This lovely Pastel work is directly taken from the Jean Baptiste Greuze’s repertoire.
The original work is an oil painting, attributed to Jean Baptiste Greuze and can be found at the Royal Collection Trust in England.
Titled ‘A Young Girl’ it was gifted to Queen Victoria in 1840.
Several versions can be found in the Cognacq JayMuseum, as well as in Narbonne.
In our edition of this portrait the pastel used reproduce the sensitivity of the young woman to perfection.
The skin is near translucent and her gaze is full of longing yet soft. The roundness of her cheeks attest to her very young age, yet her clothes are those of a young woman. It is a study in nostalgia and youth.
Jean-Baptiste Greuze (1725-1805) enjoyed early success at the Salon of 1855 with his painting A Father Reading the Bible to his Children (Louvre, Paris), and subsequently his sentimental genre scenes earned him huge acclaim. Greuze specialised in painting popular scenes from daily life, rich in detail and moralising or sentimental in content. He invented new subjects and had engravings made after his paintings which ensured a wide audience for his work. When he first exhibited at the Paris Salon his paintings were greatly admired, but he was disappointed to qualify for entrance to the French Academy only as a genre rather than as a history painter. He was born in Tournus and studied in Lyon before moving to Paris. Greuze spent two years in Italy and was inspired by the emotional character of Guido Reni’s paintings.

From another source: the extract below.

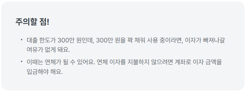 - 연체 금리: 만약 이자가 미납되면 연체 기간 동안 **기본 대출 금리 + 3%**의 연체 금리가 적용됩니다.
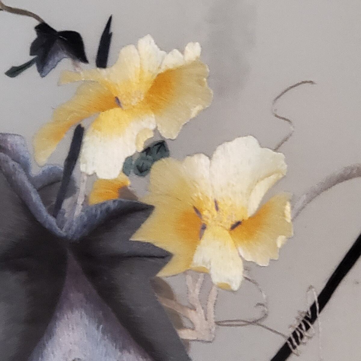 - Chinese Silk Screen Embroidery Glass Inlaid Table Screen 16x12 Inch Framed

In portraiture, which Greuze would have been obliged to pursue for financial reasons, his achievements are underestimated. Not only was he skilled at the polish and detail that important clients such as the Comte d’Angiviller required, he was also aware of the demands of fashion, and he was cognizant of character and could be a convincing naturalist, drawing attention to the spark of an individual personality. Greuze was an advocate for, and an exceptional exponent of, a particular genre that is an offshoot of portraiture, the so-called expressive head. These studies, painted and drawn, looked back to work by the Académie’s founder Charles Le Brun, but at the same time reflected the curiosity about emotional and intellectual development in children that was current in Greuze’s time and, more generally, expressed an inclination toward the open expression of sentiment (not sentimentality) that was so prevalent. Admired in the nineteenth century and disparaged or overlooked in the twentieth, many of the studies of emotional states are exceptional works of art.
His paintings and drawings and can be found at the National Gallery, but also at the Metropolitan Museum and of course at The Louvre Museum.
Our piece is done in Pastel in a lovely manner.